Overview
MSI features used in the example below
- Agate cluster
- A40 GPU
- Interactive GPU partition
- JupyterLab Interface
- Open OnDemand
- Custom Python Environment
Find the procedure in the tabs below
- 1. Use the Mamba Software Package Manager
- 2. Identify The Software To Be Installed
- 3. Request an Interactive GPU session via Open OnDemand's Cluster Feature
- 4. Run Mamba to Install the Software
- 5. Make the Custom Kernel Selectable by Assigning a Display Name
- 6. Configure and Launch the Notebook
- 7. Connect to the Jupyter Notebook
- 8. Select Kernel
For certain specific applications, a special kernel is needed to run the code in the entire notebook. This special kernel is often custom built using a package manager (conda/mamba) or installer. When we execute code in a selected cell, the code runs within this custom kernel and sends the output back to the cell to be displayed. When creating a new notebook from the Jupyter Notebook dashboard, we need to select this custom kernel that is able to run the code.
The next step is to determine the software packages you need and use a software package manager/installer to create a virtual environment that supports all the software packages including all their dependencies. The package manager we are going to use is called ‘mamba’ which is a variant of conda package manager. The software packages we need for this custom kernel are pytorch, torchvision, cudatoolkit, and ipykernel.

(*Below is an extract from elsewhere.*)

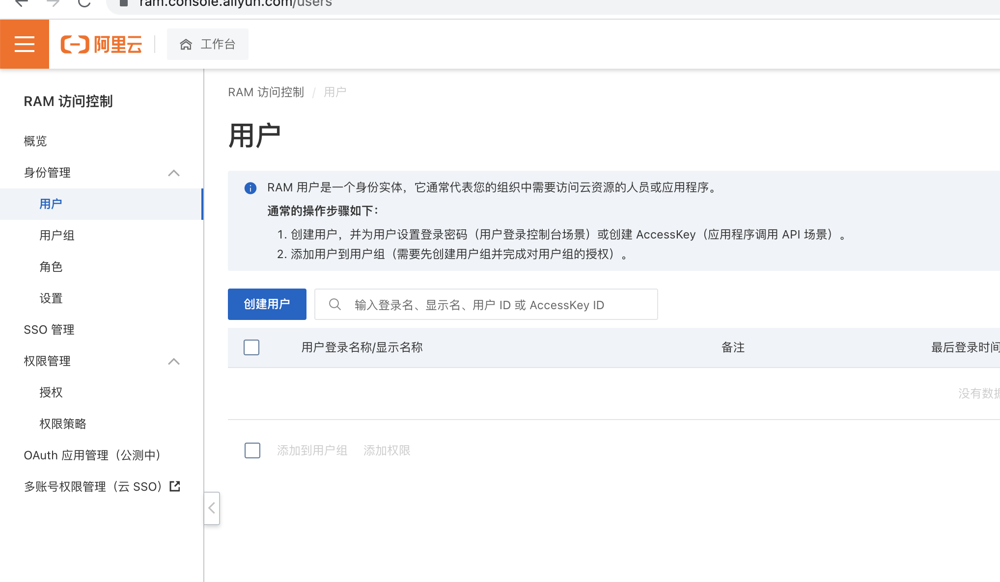 所以我们点击开始使用子用户,进入到RA访问控制后,单机蓝色的创建用户按钮:

The software packages we need for this custom kernel are:
- pytorch
- torchvision
- cudatoolkit
- ipykernel
The ‘place’ to build a custom kernel is NOT the login or headnodes of any HPC cluster. This is because the computing resources provided by these nodes are limited to a very light workload. The other reason is that sometimes it can take a considerable amount of time for the software to be installed and the kernel built. Another important consideration is that you will want to have sufficient ‘tmp’ storage for the build process to stage the files during the installation. All in all, you would want to build the custom kernel using a dedicated interactive gpu session that has the hardware support you intend to use for the notebook. Select the Agate Shell Access from the 'Clusters' drop down menu, at the command line, type "srun -N 1 -n 10 --mem=32g --tmp=100g -t 120 --gres=gpu:a40:1 -p interactive-gpu --pty bash -l "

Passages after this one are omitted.